Below are the records; extract from them the line containing "These are 2" to the line containing "Habitat Fauteuil En", both lines included, exactly and with no pictures.

Supplied records Start Marker

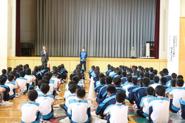 10月22日(月)、鈴鹿回生病院から理学療法士坂口弘樹先生をお招きし、中学2年生を対象に「保健講座」が行われました。「けがをしにくい体になりましょう」というテーマで座学と実技を取り入れた講座を受けました。
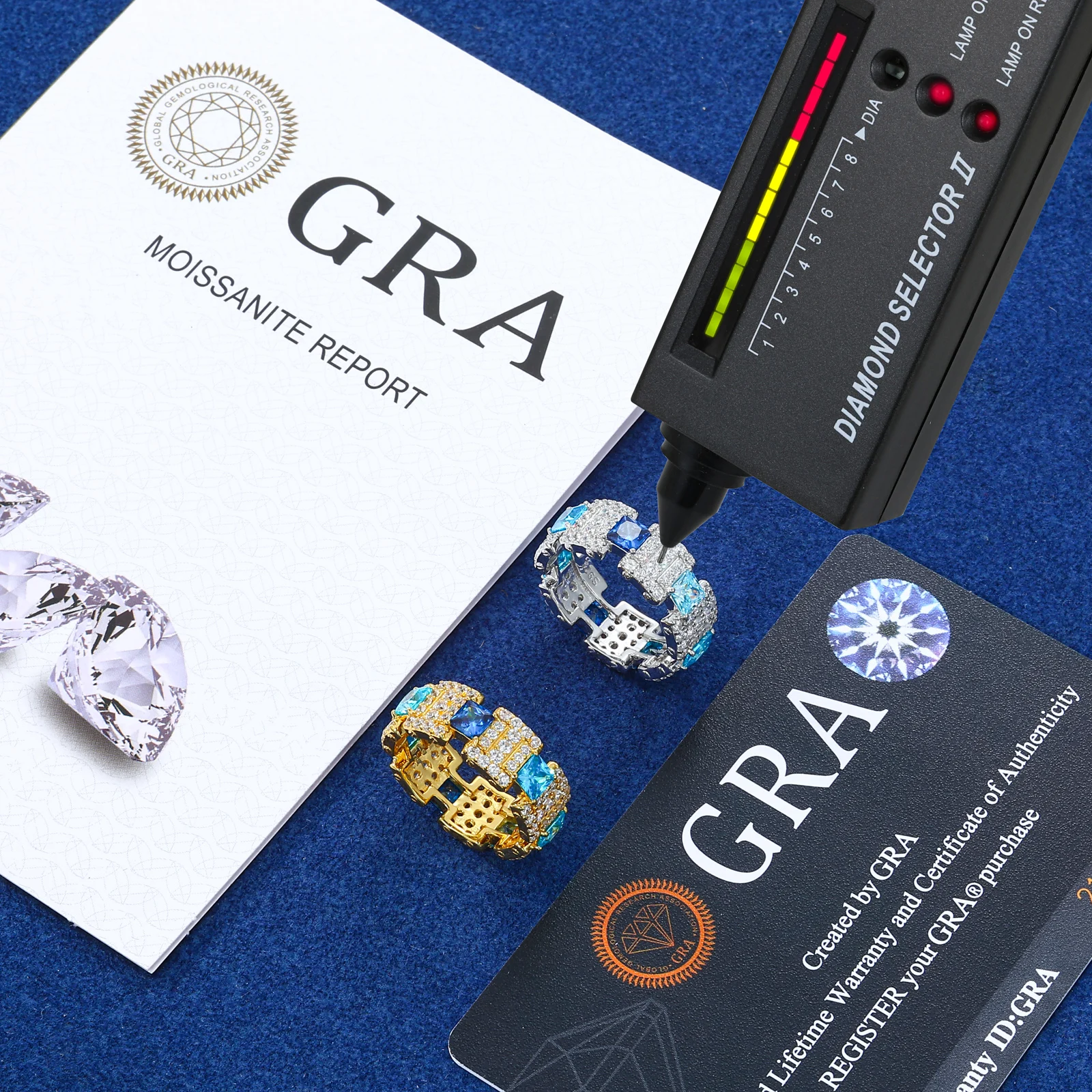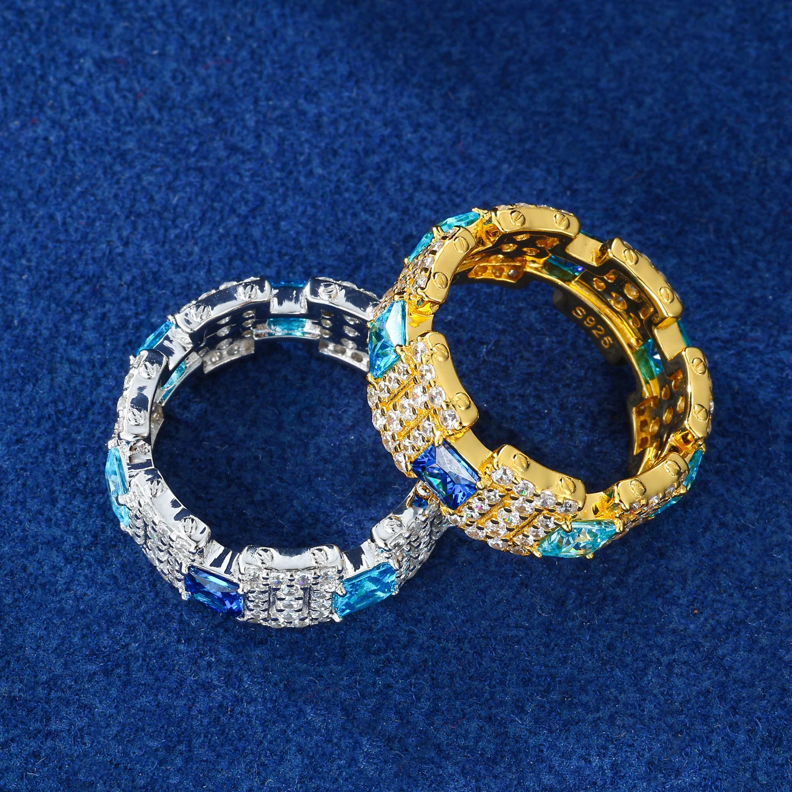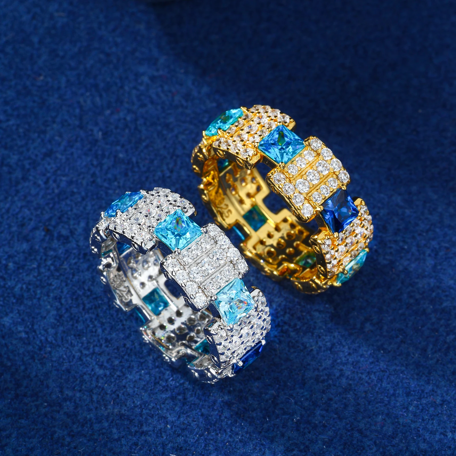 New Exquisite Gradient Blue Rings for Men Women 100% 925 Silver GRA Certified Full Moissanite Diamond Hip Hop Band Ring Jewelry
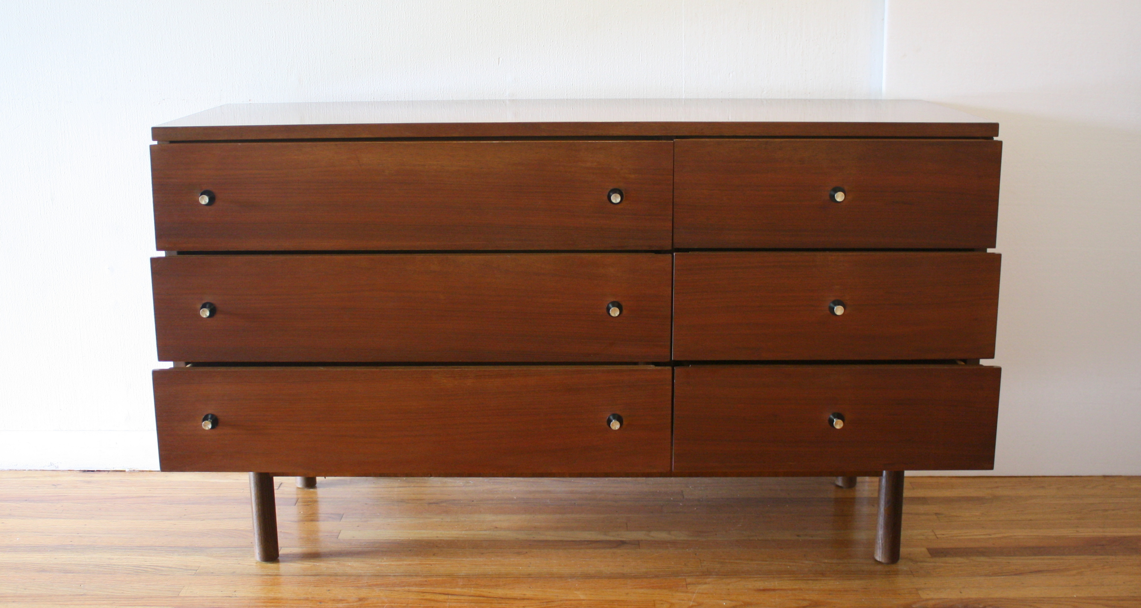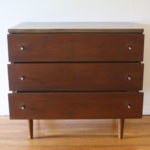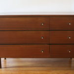 These are 2 mid century modern dressers by Stanley.  Both dressers have their signature silver accented dovetailed drawers.  The low dresser credenza has 6 dovetailed drawers: 52″W x 18″D x 30″H. The bachelor dresser has 3 dovetailed drawers: 32″W x 18″D x 30″H.
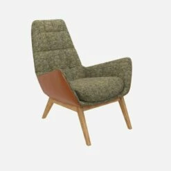 Habitat Fauteuil En Tissu Alba Vert Orage Et Cuir Vintage – Pieds Chêne
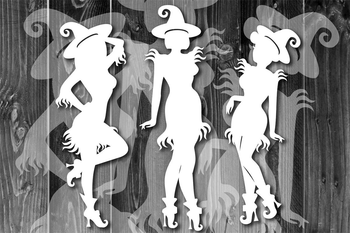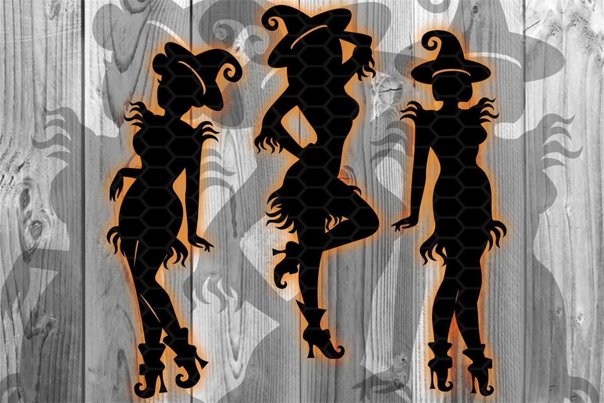 Set of 3 Halloween Witches SVG Clip Art Cut Files for your creative DIY projects, and Home Decorations. Modern Halloween witch in new design with sexy poses.

Supplied records End Marker

## Result
 These are 2 mid century modern dressers by Stanley.  Both dressers have their signature silver accented dovetailed drawers.  The low dresser credenza has 6 dovetailed drawers: 52″W x 18″D x 30″H. The bachelor dresser has 3 dovetailed drawers: 32″W x 18″D x 30″H.
 Habitat Fauteuil En Tissu Alba Vert Orage Et Cuir Vintage – Pieds Chêne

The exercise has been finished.